Location: Northwest Watershed Research CenterTitle: Hydrologic response and recovery to prescribed fire and vegetation removal in a small rangeland catchment
Submitted to: Ecohydrology
Publication Type: Peer Reviewed Journal
Publication Acceptance Date: 5/8/2016
Publication Date: 6/1/2016
Citation: Flerchinger, G.N., Seyfried, M.S., Hardegree, S.P. 2016. Hydrologic response and recovery to prescribed fire and vegetation removal in a small rangeland catchment. Ecohydrology. doi: 10.1002/eco.1751.
Interpretive Summary: Prescribed fire can be used as a management tool to improve habitat, control invasive weeds, and deter wildfire, but post-disturbance responses of vegetation and hydrology are not well understood. Recovery of vegetation and streamflow after a prescribed in a sagebrush ecosytem was studied. Water use by plants was reduced for a couple years after the fire until the plants had a chance to reestablish their rooting depth. Results suggest the post-fire streamflow was approximately 20% greater during the six years post-disturbance than what would have occurred without the fire. These results can be used by land managers to better assess potential effects of prescribed fire as a management tool.

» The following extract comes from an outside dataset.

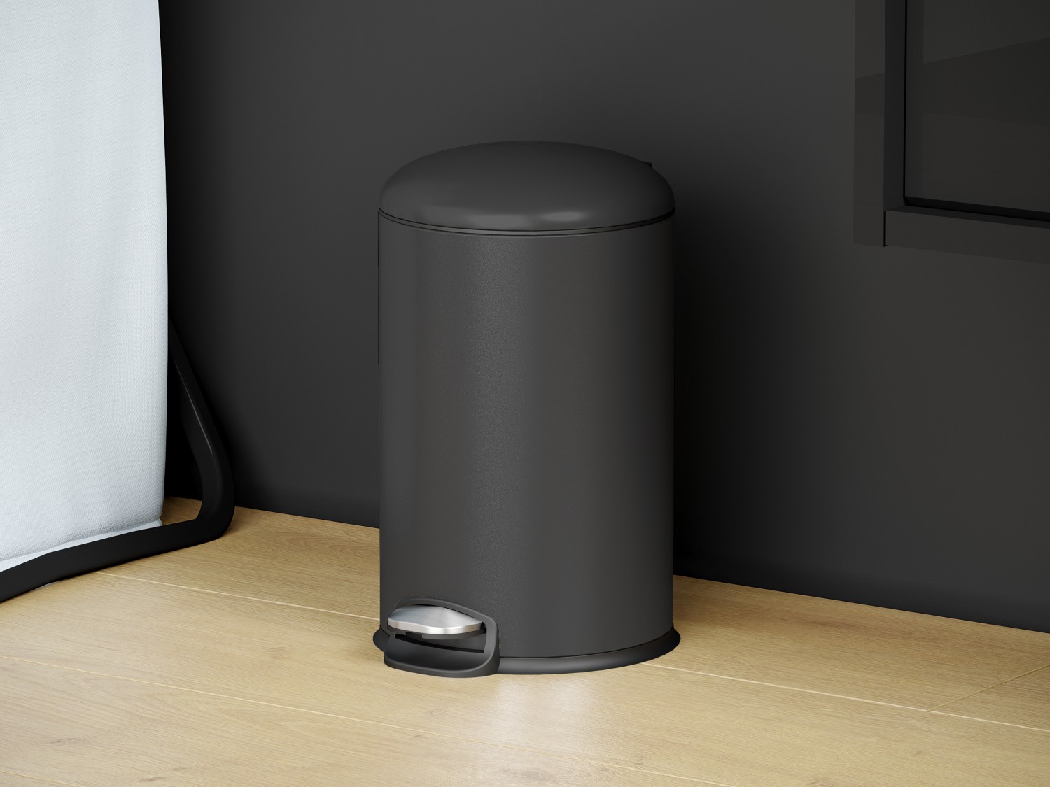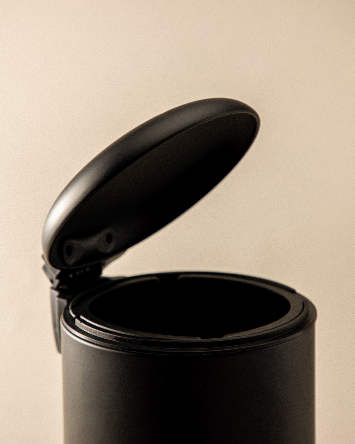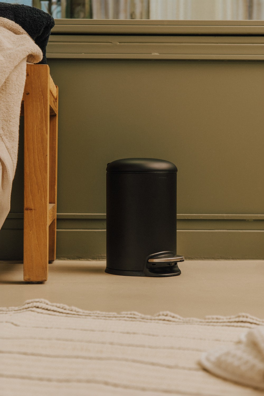 Praktisk affaldsspand på 3,5 liter med pedal og mat sort finish. Ideel til badeværelset.

Technical Abstract: Prescribed fire can be used to return wild lands to their natural fire cycle, control invasive weeds, and reduce fuel loads, but there are gaps in the understanding of post-disturbance responses of vegetation and hydrology. The impact of a prescribed fire and subsequent aspen cutting on evapotranspiration (ET) and streamflow was assessed for the Upper Sheep Creek catchment, a 26-ha headwater catchment dominated by low sagebrush, mountain big sagebrush and aspen within the Reynolds Creek Experimental Watershed. The 2007 prescribed fire consumed 100% of the mountain big sagebrush and approximately 21% of the low sagebrush. The aspen, which were mostly untouched by the fire, were cut in the fall of 2008. Post-disturbance ET and vegetation recovery were related to the loss of rooting depth. ET recovered within two years on the low sagebrush area with limited rooting depth, while that on the deeper-rooted mountain big sagebrush area took four years to recover. ET from the aspen trees, which can sprout from existing roots, recovered within two years. The influence of vegetation disturbance on streamflow was assessed using both empirical time trend analysis and process-based modeling. Although both approaches suggested approximately a 20% increase in streamflow during the six years post-disturbance, results from the empirical time trend analysis were marginally significant (p=0.055) while those from the process-based modeling were not statistically significant. Marginal streamflow response can be attributed to rapid post-disturbance recovery of the aspen where most of the streamflow originates.